Сообразив, что замечены, омежки нетерпеливо запрыгали на месте, а Пелка, прозванный так за необыкновенно нежный, музыкальный голосок, позвал, мило растягивая слова и слегка окая:

– Ведунок, подь поближе, пожалуйста? Скажу чего важное, а орать неохота…

Рыся недовольно оскалился, но просьбу даруна удовлетворил, встал с карачек и подошел, отряхивая испачканные землей ладони.

– Ну? – спросил строго. – Говори.

Пелка вспыхнул по щечкам ярким румянцем, куснул в нерешительности губку и приподнялся на носочках.

– Рыся, – начал он, трепеща ресничками, – я… В общем… Меня продали замуж, Рыся. К заречным… – темно-серые глазищи подростка стремительно наполнились влагой. – Я… Я… Попрощаться отпустили, по темноте увезут… – и омежка вполне ожидаемо разревелся.

Бедный, перепуганный ребенок, едва разменявший четырнадцать весен, потекший на исходе зимы. Шаманчик дернул свисающую с шеи горсть амулетов и задохнулся от жалости. Помочь Пелке он при всем желании не мог.

Хотя… Существовал способ. Запретный, и если тамаэ Мир прознает, простой поркой Рыся не отделается. Ведь дело шамана – лечить больного, а не наводить хворь на здорового.

Пока не решившийся, беточка придвинулся к забору вплотную.

– За кого отдают-то, хоть знаешь? – спросил парень, усилием воли сдержав готовую прорваться, накатившую дрожь.

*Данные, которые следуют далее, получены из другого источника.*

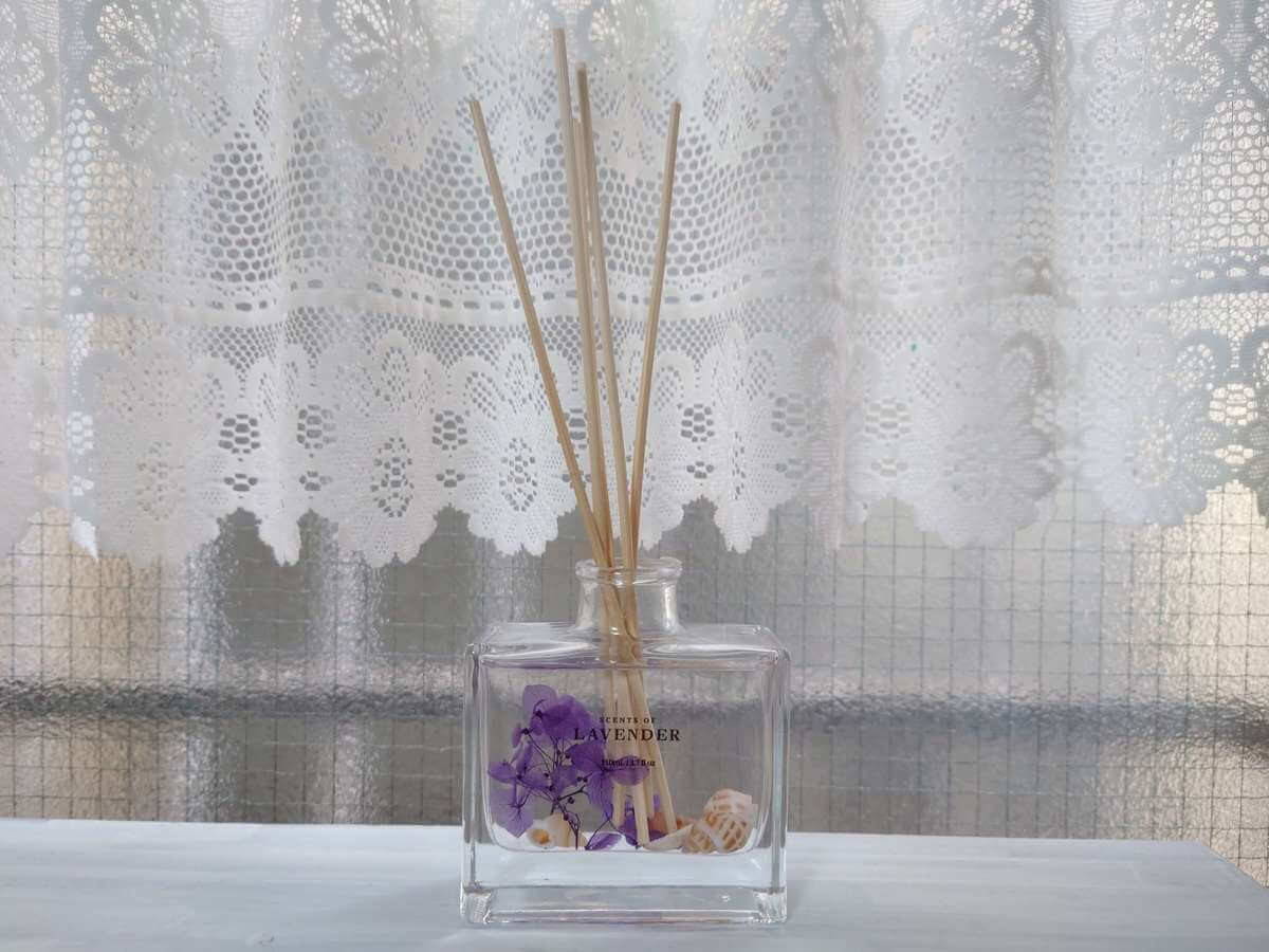 ラベンダーの香りがしっかりするので、部屋中いい香りに包まれ、瓶の紫の花と貝は可愛くてインテリアとしてお部屋のアクセントになります。

Пелка рвано закивал и пролепетал через всхлипы:

– За Лукава Кругляша… гыыы… ууу…

Рыся потрясенно икнул и едва не сел на грядку. Лукав Кругляш был толстым, малорослым альфачом весьма солидного возраста, постарше покойного Таура, владел большим стадом и полусотней рабов, водил в город, на торги, плоты с кожами, шерстью и сырами и имел то ли четверых, то ли пятерых младших супругов, сыновей же давным давно не считал, как альфят, так и омежек. Его единственный умо, Лис, учился у шамана соседнего округа, Дубаря.

Сколько меховых, драгоценных шкурок соболя и норки отвалил возжелавший юной плоти богач родителям за Пелку? Страшно представить. А, с другой стороны, говорят – Лукав очень добрый хозяин, омеги у него в меду и ласке катаются и спят на пуховых перинах.

Куда лучше, чем горбатиться от рассвета до заката на полях с тяпкой, пропалывая репу, да за коровами горы навоза без продыху выгребать, а долгими, зимними вечерами портить зрение вышиванием.

Запутавшийся в размышлениях о зле и добре Рыся утер запаренный лоб рукавом и тяжело вздохнул.

– Пелка, – шаманчик стиснул край не повинного в несправедливостях мира забора побелевшими пальцами: – А ты уверен, что тебя Кругляш лично себе в постель выкупил? Он, вроде, по слухам, побраха* своего четвертого собирался женить…

Просватанный омежка закивал вновь. Потом, вдруг, сообразил и затряс головой, отрицая.

– Глупый я такой! – воскликнул он звонко, резко прекращая подвывать: – Все неправильно тебе объяснил! Запутал тебя! Прости! Я же не с горя, я со счастья плачу! – и, смутившись, порскнул прочь, мелькнул перевитой алой лентой косой.

Жужка и Рыся остались вдвоем. Омежка потянулся и невесомо тронул обалдело глядящего вслед убежавшему Пелке шаманчика за предплечье.

– Радость у нас, – шепнул, сыто прищурившись. – Весенний сгон плотов помнишь? Вот тогда они и снюхались, Снег Лукавов и Пелка. Как раз когда Пелка оттек… – Рыся фыркнул, а Жужик закончил: – Истинные они. Пелка при Снеге аши станет…

Вот вам и сюрприз. Молодцы омежки, умницы. Лишь напугали ведуна понапрасну, тот уже преступление задумать успел против общака народного, травки поганые, ядовитые, в зелье Пелке мешать, чтобы временно сосватанного женишка подпортить. А спасать-то от неравного, нежеланного замужества – некого. По любви дарунчика в чужой род, за реку, отдают.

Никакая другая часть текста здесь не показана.